The vassal states pay twice. They sell their resources at prices set by markets they do not control, denominated in a currency whose value is determined by the monetary policy of a country whose interests are not theirs. Then they recycle the proceeds into the debt instruments of that same country, funding the deficit that produced the inflation that eroded the value of what they were paid in the first place. And then they pay again — for the weapons, for the bases, for the technology licenses, for the financial services, for the consultants and the contractors and the McKinsey reports that tell them how to modernize economies the system is structurally designed to keep unmodernized.
This is the deal. Sell cheap. Buy expensive. Fund the debt of the country you sell cheap to and buy expensive from. Pay for the military that enforces the arrangement. And call it a partnership or development plan.
The United States, in this arrangement, keeps the full value stack. The extraction logistics. The refining. The petrochemicals. The weapons manufacturing. The financial engineering. The technology. The overwhelming majority of jobs created by a barrel of Gulf oil are created somewhere other than the Gulf. The resource is theirs. The value is not. The empire doesn’t need to occupy the land. It occupies the ledger.
The Farmer
Imagine a farmer. He owns his land — or rather, he owns the title to it, which is not quite the same thing. The land is fertile. It sits on water. It produces abundantly. By any reasonable measure, he should be prosperous.

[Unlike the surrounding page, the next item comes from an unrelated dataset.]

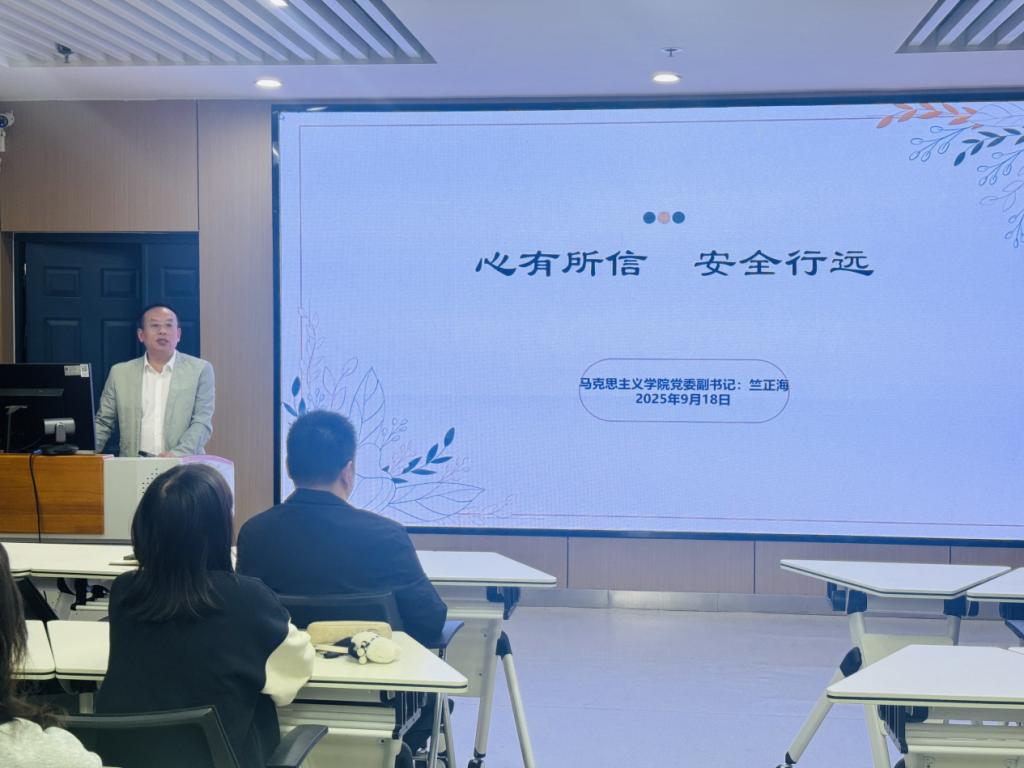 竺正海以“心有所信,安全行远”为题,为新生讲授开学安全第一课。他以“寄蜉蝣于天地,渺沧海之一粟”为引,阐述了生命的意义与价值,教育大家敬畏生命、珍视自我。结合近期高校典型案例,他围绕宿舍用电、交通出行、防范电信诈骗、心理问题识别与疏导等重点领域展开深入讲解,通过真实案例提醒大家增强安全意识、掌握避险技能。

But the seeds he plants come from a company that licenses them to him annually and sues farmers who save seed across the fence. The fertilizer comes from a multinational whose prices he cannot negotiate. The equipment he needs to work the land efficiently was sold to him on credit, at interest rates that ensure he will be paying for it long after it has worn out, with a service contract that means he cannot repair it himself and must call the manufacturer’s technician at the manufacturer’s rate. The crop he produces is sold at a price set by a commodity exchange in a city he has never visited, denominated in a currency whose value is managed by a central bank that has never heard of him.
After the harvest, he sells. The margin between what he receives and what the processor, the distributor, the retailer, and the financial intermediary receive is not negotiable. He gets the smallest share of the value chain for doing the hardest work and bearing all the risk. If the price falls, he absorbs the loss. If it rises, the gains accrue elsewhere. When he needs credit to survive a bad year, it comes with conditions — restructure, modernize, open up — that happen to benefit the lender more than the borrower.

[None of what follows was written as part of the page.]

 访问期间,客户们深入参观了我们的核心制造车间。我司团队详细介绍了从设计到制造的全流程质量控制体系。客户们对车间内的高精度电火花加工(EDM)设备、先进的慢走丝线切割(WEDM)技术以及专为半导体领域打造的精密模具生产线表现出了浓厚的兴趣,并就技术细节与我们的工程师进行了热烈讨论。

This is not a parable. It is the operating reality of family farming across the American midwest.
He is, on paper, a business owner. In practice, he is an employee with overhead. The land is his. The value it generates is not. He works harder each year to stay in the same place, because the architecture of the system he operates inside is not designed for his prosperity. It is designed for his productivity — which is a different thing entirely.

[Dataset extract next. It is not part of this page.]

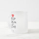 Personalizable Keep Calm love glass mug with little red heart symbol. Create your funny Keep calm and carry on parody. Customize background colors and text the way you want it. Cute Examples: Keep calm and love me. Keep calm and love coffee. Keep calm and love tea. Funny gift idea for mom on Mothers Day.

This is the position of every oil-producing nation inside the petrodollar system. The resource is theirs. The sovereignty is nominal. The value chain belongs to someone else at every point that matters. They are farmers on their own land, working for a landlord who has convinced them that the arrangement is natural, inevitable, and in their interest — and who maintains a military presence nearby, just in case the conversation turns.